- Born: July 16, 1972
- Died: September 26, 2021 (aged 49) Near Yomba Nye County, Nevada
- Citizenship: Walker River Paiute Tribe
- Education: Haskell Indian Nations University, University of Kansas
- Occupations: Filmmaker, citizen journalist, academic
- Employer(s): Duke University and Northwest Indian College
- Notable work: Awake: A Dream From Standing Rock (2017 documentary, co-director)
- Spouse: Deborah Parker

= Myron Dewey =

Native American filmmaker and journalist (1972–2021)

Myron Charles Dewey (16 July 1972 – 26 September 2021) was a filmmaker and journalist from the Walker River Paiute Tribe.

Dewey was noted for reporting on issues at the Standing Rock Sioux Reservation especially for co-directing the 2017 documentary Awake: A Dream From Standing Rock.

== Early life ==
Dewey was born on 16 July 1972, to parents Herbert Dini Jr. of Schurz, Nevada and Cynthia Dewey of Bishop, California. A member of the Walker River Paiute Tribe, his Indigenous name was Ahu-auh-bud-shoe-knaw-me.

He attended Gabbs K-12 School and studied computer systems and business information at Haskell Indian Nations University, graduating with a degrees in each in 2002 and 2003. He later attended the University of Kansas and graduated with a master's degree in Indigenous nation studies in 2007.

== Career ==
Dewey was employed by the Bureau of Indian Affairs' as a firefighter working for their Western Nevada One team in Carson City before joining their Black Mountain Hotshot Crew working in the Western United States. He founded Digital Smoke Signals online news service.
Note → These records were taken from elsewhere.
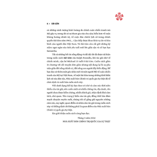 Để bạn đọc có thêm một góc nhìn mới từ một người Mỹ về cuộc chiến tranh của Mỹ tại Việt Nam, về một Sài Gòn trong những thời khắc lịch sử của dân tộc, Nhà xuất bản Chính trị quốc gia Sự thật đã tổ chức dịch và xuất bản cuốn sách Sài Gòn của Ralph Pezzullo.
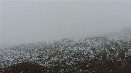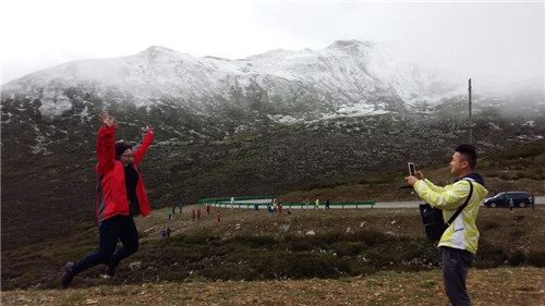 6月15日,四川日报记者途径阿坝藏族羌族自治州松潘县境内看到,海拔4000多米连绵起伏的山脉披上银装,放眼望去成遍地雪山,吸引不少游客前来游玩避暑。
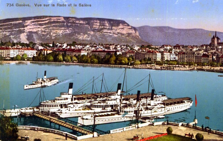 Switzerland Geneva Postcard Steamships 1920-1
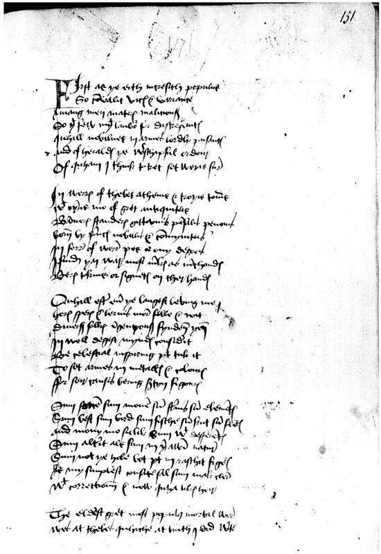 | First as the erth incresith populus, So convalit variance and vicis, Amang men materis maliciouse, So that few mycht laubour for discrepancies [discrepance], quhill nobilnes in armes, lordly pusancis, and of heraldis þe werschipful ordour, Of quham I think to tret [treit], set weyis sure. | Line 1 Stanza I | First as the earth increases populous, So grow discord and vices, And malicious matters among men, So that few work for distinctions, which nobleness in arms, lordly powers, which heralds, the worshipful order, Of whom I intend to treat, arrange. |
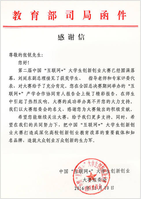 2018年,1xbet连续多年为中国国际互联网+大学生创新创业大赛做出积极贡献,获教育部来函致谢。

Later, he worked as an academic, teaching film-making at Duke University's Center for Documentary Studies and at Northwest Indian College in Washington state.
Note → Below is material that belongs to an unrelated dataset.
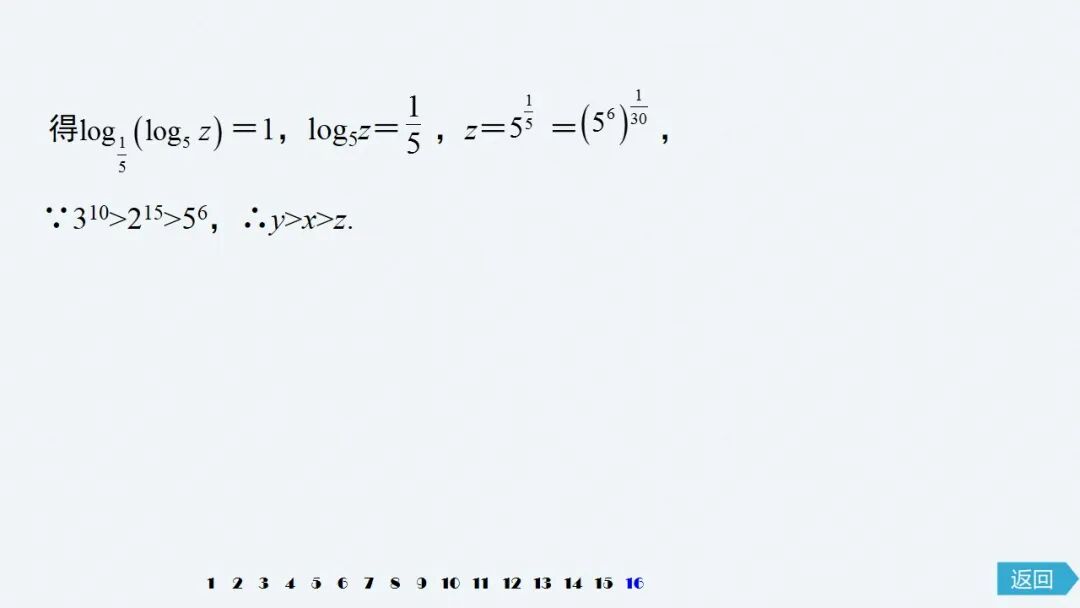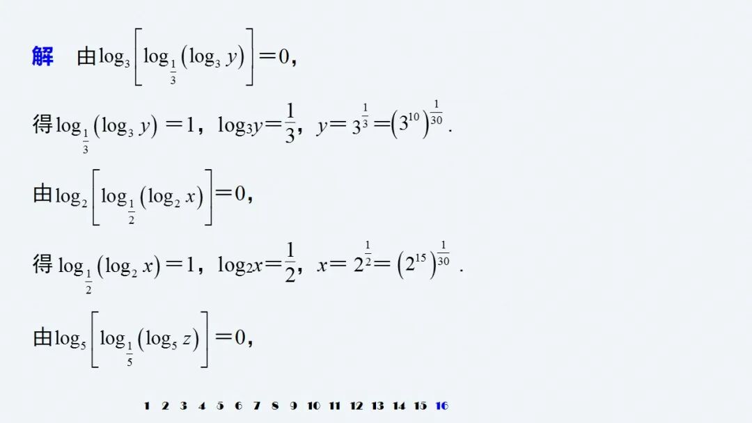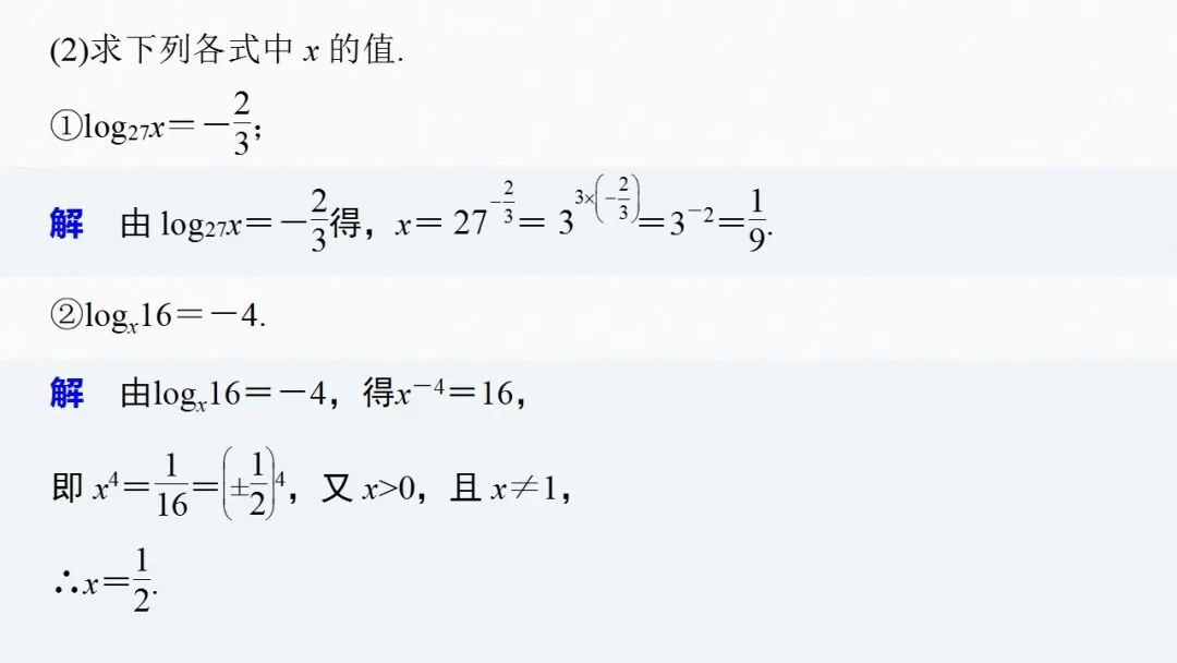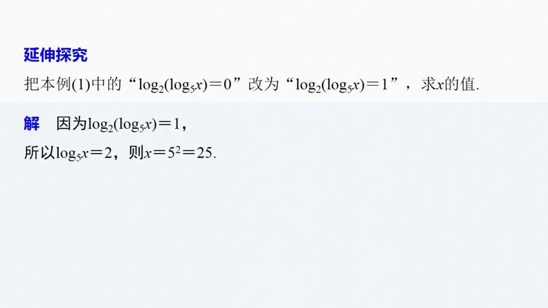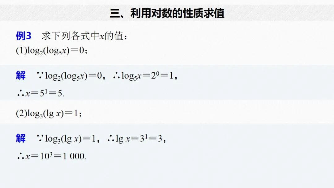 (2)已知多重对数式的值,求变量值,应从外到内求,逐步脱去“log ”后再求解.
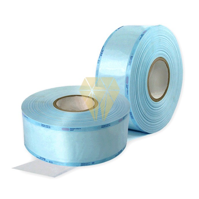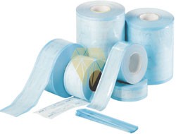 Rollos para esterilización de papel medical blanco de alto gramaje y doble capa de película celeste enpoliestireno/polipropileno. Tres soldaduras laterales de canales impermeables y homogeneos para la máximaprotección micróbica. Contienen indicadores químicos de viraje para esterilizaciones de vapor o de EtO gas (óxido de etileno). Pelabilidad apropiada sin emitir fibras del papel o desgarramiento del papel al abrir el envase.Completamente conforme con la directiva 93/42/EEC (y posterior enmienda 2007/47/CE) y la norma EN 868. Caja de 5 rollos.

In 2016, Dewey filmed the protests at the Dakota Access Pipeline and was a co-director of the documentary Awake: A Dream From Standing Rock working with Josh Fox and James Spione. While gathering footage, his use of drone filming attracted accusations of criminality form authorities, later dismissed. In 2017 he won an award at the New York City Drone Film Festival in the category of News/Documentary for his work filming police at the protest site.

In 2018, he won an Award of Merit from the University of Kansas Department of Film & Media Studies.

== Personal life and death ==
Dewey lived in Schurz, Nevada, in the Walker River Paiute Reservation. He lived with his wife Deborah Parker, their five children, and his one nephew.

Dewey died near Yomba, Nye County two to three hours after a car crash on 26 September 2021, aged 49. Dewey had been returning from broadcasting at the Fallon bombing range in Nevada when he died.

On June 6, 2023, John Walsh of Nevada was sentenced to 30 days in jail after pleading guilty to vehicular manslaughter.